Why should plant and field engineers embrace digital? Colin Yates, chief support officer at WorkMobile, an award-winning mobile data capture service gives his view.
We’re undoubtedly living in a new digital era where innovative technology is constantly changing the way we interact and go about our daily activities.
The devices we carry in our back pockets are becoming increasingly more powerful, and new technology, such as Virtual Reality, is altering how we engage with our surroundings.
Businesses across a whole host of sectors are exploring how this type of technology can revolutionise the way they operate, but the story is surprisingly different within the construction sector.
According to research by ‘Big Five’ accountancy firm KPMG, just 8 per cent of construction firms would class themselves as ‘cutting-edge’ innovators and only a third regularly use mobile technology.
A similar number have no mobile strategies in place at all. This figure is quite unusual given that a large proportion of construction workers usually operate remotely from various plants and sites, and would consequently benefit from mobile processes that would allow them to work and connect with colleagues from any location.
In spite of these stats, the Government is predicting that the slow uptake will change in the near future and the sector will start reaping the rewards.
It predicts that by 2025, the adoption of new technology will lead to a 33 per cent reduction in the cost of completing projects and work will be delivered 50 per cent faster. This will help the sector grow by up to 70 per cent by this date.
There are clearly barriers hindering uptake that need to be addressed. Cost is usually cited as one issue, but there are ways to begin implementing business beneficial technology, while still keeping costs down.
There are also various benefits that can be gained from adopting such technology, including reduced operational costs, improved levels of communication and greater efficiency.
A major project will often involve people from several disciplines with differing skill-sets – from engineers to admin teams.
Not only this, but workers will usually have to juggle different tasks and move across different locations. So to stay on top of developments at each individual site, everyone involved in the project will need access to a range of information whilst working remotely.
For this reason, data capture and document management plays a huge role in the process to ensure everyone is kept in the loop, and work is carried out in a compliant manner.
The development of cloud technology has allowed everyone to keep precisely to the same agenda. Saving information and work documents remotely to a cloud application gives all parties working on a project instant access to essential materials, such as plans, drawings and work schedules.
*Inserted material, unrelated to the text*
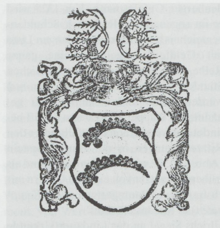
Wappen der «Edelleüt, genennt die von Fontenaub» aus der Schweizer Chronik des Johannes Stumpf von 1586 («Das zähend Buoch», S. DXCVI).

These applications can be accessed via mobile devices, like smartphones and tablets, making it much simpler for data to be relayed between those on-site and those based back in the office.
So, for example, engineers who have been tasked with undertaking repair work on a piece of machinery can digitally record updates on where the job is up to, or perhaps take photographs and videos to show if there are any issues.
This data can then be uploaded to a platform hosted on the cloud and instantly accessed by head office; so work can be actioned straight away, and results recorded and signed off quickly.
This is good news given that the construction sector is coming under increasing pressure to work more efficiently and cut costs, whilst still maintaining a high productivity level and operating in a safe and compliant way.
Reduce operational costs with digital data capture
For engineers working between sites, and without regular access to a desk, juggling mountains of paperwork is far from ideal. Documents can easily be lost, damaged or incorrectly filed.
And when document management is poor, this can mean incomplete audit trails, time wasted on searching for information, and miscommunication. It can also lead to endless compliancy issues that put the business at risk of legal action. This could cause potential penalties or mean they are unable to invoice for completed work.
So, is it possible to completely eliminate the need for physical paperwork and reduce these issues? The simple answer is yes.
There are various cost-effective, digital applications that are now available to simplify the data capture process and allow information to be collected more accurately. With these mobile solutions, everything can be stored remotely in one place and backed up, so documents are safe and secure and can be managed more efficiently.
An example of one effective data capture solution is WorkMobile for Construction. An application that can be accessed via a laptop, smartphone or tablet, this solution enables information to be captured in real-time by workers both on or off site.
It can also reduce data entry costs, saving significant amounts of time previously spent on manual process, such as time keeping or filing documents.
Data capture services, such as this, help to reduce user errors, prevent damage and loss, and can save businesses money – on average over £2,000 per employee per year. As a result, this helps to increase productivity, improve operational return on investment and streamline workflows.
By replacing traditional paper forms, field workers can easily collect, monitor and share data via their mobile device, such as maintenance report forms, timesheets, locations, photos and signatures.
Some data capture apps can also give organisations live updates of when the status of a job changes – such as whether a specific task has been completed. This can help digitally record the exact progress of a project, making it easier to report back to clients or project managers.
Adopting readily available forms of technology, such as cloud computing, smartphone devices and data capture services, can greatly benefit the engineering sector and help bring it up-to-date.
With the spotlight now on the industry to become more tech-savvy, there is no greater time for contractors and plant engineers to get on board.
Embracing this cost-effective technology will not only help firms to remain competitive and agile, but will also lead to greater compliancy and more efficient ways of doing business.